• Source: Stewart Macpherson
    • (Charles) Stewart Macpherson (29 March 1865 – 27 March 1941) was an English musician of Scottish descent. He was born in Liverpool, and studied at the Royal Academy of Music in London. He was a student of the composer Walter Cecil Macfarren. In 1887, he joined the RAM staff, and taught harmony and composition. He founded the Music Teachers' Association in 1908, and was its chairman until 1923. From 1925 to 1927, he was dean of the Faculty of Music in the University of London. His notable students included violinist John Waterhouse and violinist and composer Susan Spain-Dunk.
      Macpherson was primarily a music educator, and is remembered for such textbooks as Practical Harmony (1894), Form in Music (1908), and Melody and Harmony (1920) Also a composer, pianist and choral and orchestral conductor in his earlier years, Macpherson wrote a Symphony in C (1880), a Mass in D (1898), and a Concerto alla fantasia for violin and orchestra (1904). Macpherson won the Charles Lucas Medal for composition in 1884. He was appointed conductor of the Westminster Orchestral Society in 1885, a post he remained in for several years.

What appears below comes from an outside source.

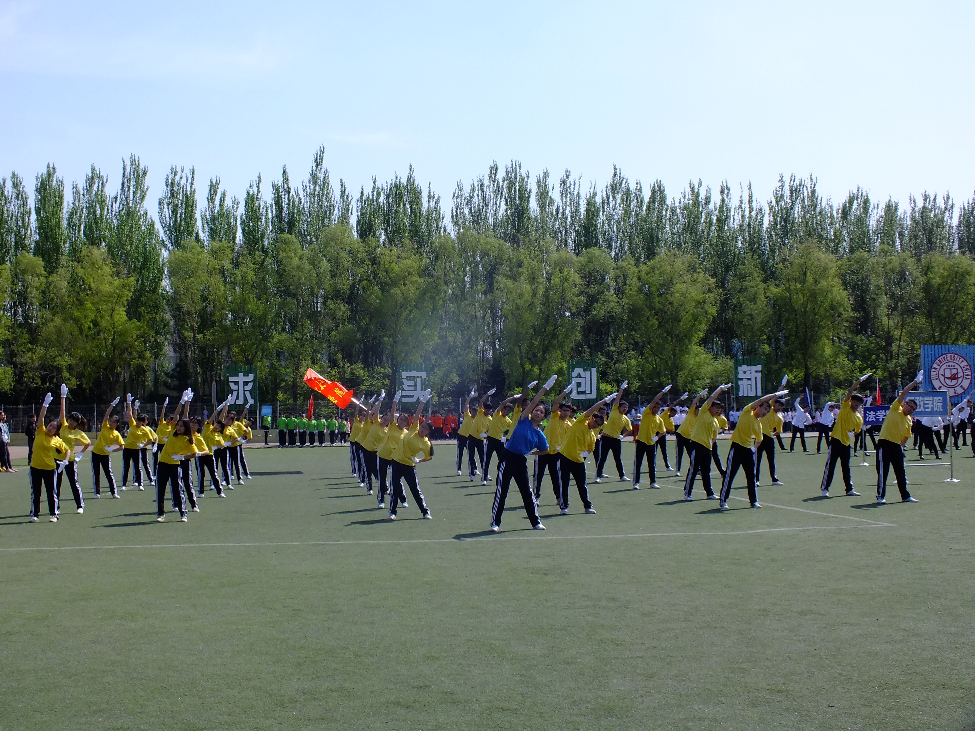 的磅礴大气,也喊出了每个行政学子的公共情怀。比赛场上,同学们面带自信的微笑,伴着轻快的音乐节奏,做出整齐划一的动作,追求最佳的统一与协调,体现了行政学子的团结友爱精神。本组比赛结束后,全体参赛学生在体育场进行合影留念,留住这一激动人心的时刻。10时许,2015年麻豆
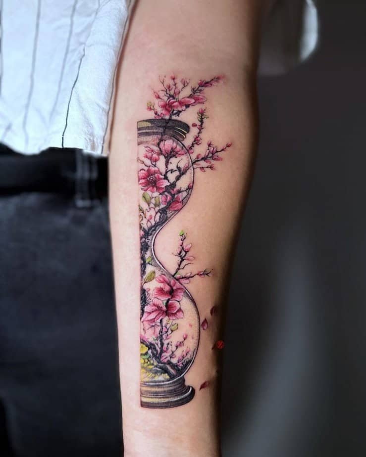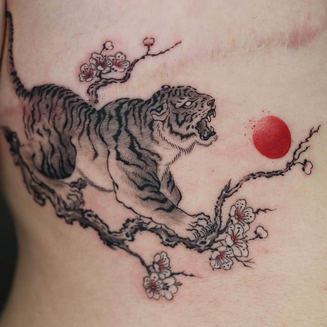 Cherry blossom tattoos can sneak into so many unexpected places. Picture a fan with black and red tones where the flowers are part of the pattern, or an infinity symbol made of tiny sakura for a subtle forever-thing. Minimalists might love a little window of cherry blossoms in black and gray. If you want symbolism, an hourglass with blooms spilling out of it says time and growth in one neat image. And for drama, a Japanese-style tiger with a red sun and blossoms underneath is both fierce and poetic.

      He died in London on 27 March 1941, aged 75.


      Writings


      Practical Harmony (1894)
      Practical Counterpoint (1900)
      The Rudiments of Music (1903)
      Questions and Exercises upon the Rudiments of Music (1907)
      Form in Music (1908)
      Music and its Appreciation (1910)
      The Appreciative Aspects of Music-Study (1910)

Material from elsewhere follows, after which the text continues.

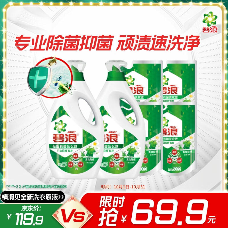 碧浪除菌洗衣液草本清新12斤装(2kg*2瓶+500g*4袋) 杀菌除螨
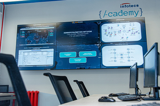 Лаборатория с киберполигоном Ampire и функционалом квантового распределения ключей на базе продуктов и решений для защиты информации от группы компаний «ИнфоТеКС».На занятиях студенты тренируют навыки обнаружения компьютерных атак на сетевую инфраструктуру предприятия, а также методы противодействия им.

      Studies in Phrasing and Form (1911)
      Modern Ideas in the Teaching of Harmony (1912)
      Aural Culture based upon Musical Appreciation (1912–1921, with Ernest Read)
      Ear-Training and the Teaching of the Minor Mode (1913)
      The Musical Education of the Child (1915)
      Melody and Harmony (1920)
      The Appreciation Class (1923)
      Studies in the Art of Counterpoint (1928)
      A Simple Introduction to the Principles of Tonality (1929)
      A Commentary on ... the Forty-Eight Preludes and Fugues (Das Wohltemperirte Klavier) of Johann Sebastian Bach (1934–1937)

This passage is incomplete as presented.